De novelle is gegoten in de vorm van een lange terugblik van de hoofdpersoon Paul op zijn leven. Verdeeld over vijfentwintig korte hoofdstukken doet deze zijn relaas; vermoedelijk zijn laatste aardse activiteit, want de grondtoon van zijn verhaal is die van iemand die afscheid neemt en nog één keer de film afdraait, ofschoon Siebelink dit nergens als zodanig expliciteert. Alle tekenen wijzen er echter op dat Paul danig is vastgelopen en in zichzelf verstrikt is geraakt: sterven is welhaast nog de enige uitweg voor een dergelijke spijtoptant van het leven. Beetje bij beetje wordt het verleden van Paul blootgelegd. Hij vertelt - een enkele maal onderbroken door commentaar van buitenaf - over zijn jeugd in het tuindersgezin. Bij alles zat en zit hem dwars dat hij nooit zijn broer Daniël kon evenaren.

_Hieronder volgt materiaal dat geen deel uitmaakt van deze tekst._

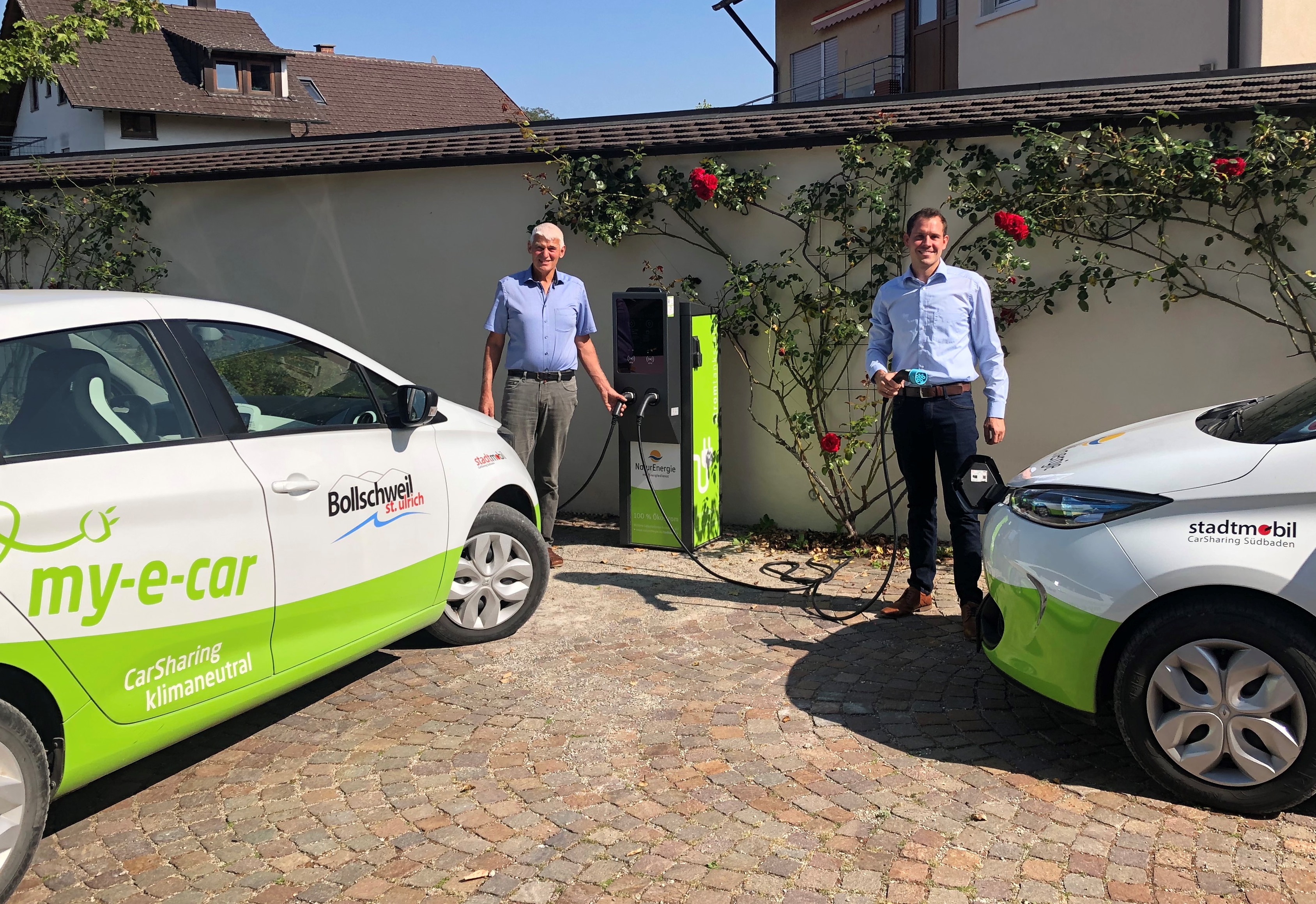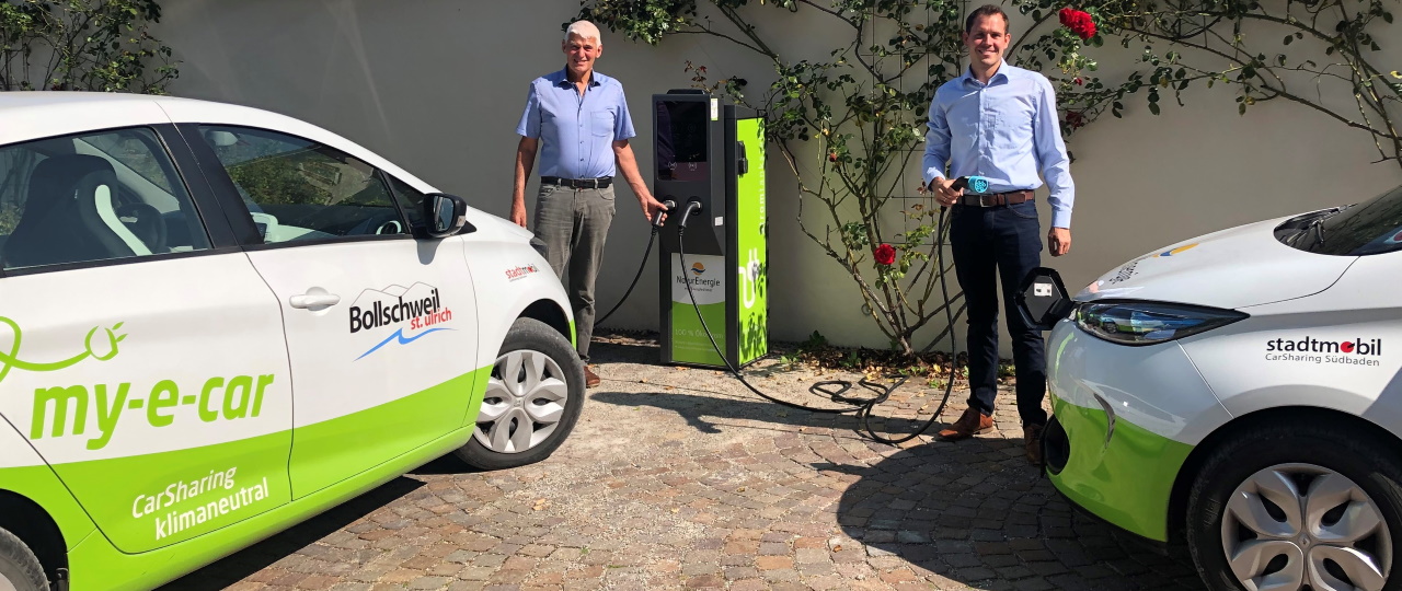 Bild: Bollschweil hat nun eine öffentliche Ladesäule (v. li.): Bürgermeister Josef Schweizer und Jörg Bleile, Kommunalbetreuer bei Energiedienst, eröffnen die Ladesäule auf dem Rathausparkplatz in der Hexentalstraße 56.

Deze hielp vader in de kassen, sloot met verve een studie af, trouwde een knappe vrouw en werd uiteindelijk hoogleraar. Paul wordt heen en weer geslingerd tussen bewondering, afgunst en schuldgevoel als hij aan zijn jeugd en broer Daniël terugdenkt. Was Daniël geen modelzoon, getuige zijn doortastend handelen bij vaders en moeders dood? Was hij, met vrouw, dochter en carrière, geen voorbeeldig voorbeeld? Was het trouwens ook niet Daniël die Paul aan de studie zette en hem aanspoorde tot een baan als leraar? Dat werk (verkregen op voorwaarde dat hij spoedig z'n MO-akte haalt) wordt overigens maar ten dele een succes. Enerzijds gaat het omgaan met leerlingen hem goed af en verhuist hij van Velp naar Ede, naar het saaie marktplein bij de school (uiteraard weer een plein als symbool voor het afgeperkte en té benauwde klimaat). Anderzijds dient het ontvluchte verleden zich weer aan in de persoon van Bobby - een jeugdvriendje dat hem destijds bijna een keer deed verdrinken - de jonge en ambitieuze conrector. Dat ook hier het debâcle compleet wordt, verbaast de lezer in het geheel niet. Paul onderneemt namelijk
niets, studeert geen seconde en houdt zich afzijdig. Hij is traag en inert, iemand die voortdurend uitstelt. Ede is voor hem ‘een stad die een nederlaag geleden heeft’ en zichzelf kwalificeert hij met ‘(...) ik had de indruk dat ik bij voorbaat al verslagen was.’ De ruzie waarmee hij van school verdwijnt (hij haalt na zoveel jaar zijn gram op Bobby), ervaart hij niet als een overwinning: die scheldpartij bespoedigt slechts zijn te verwachten ontslag.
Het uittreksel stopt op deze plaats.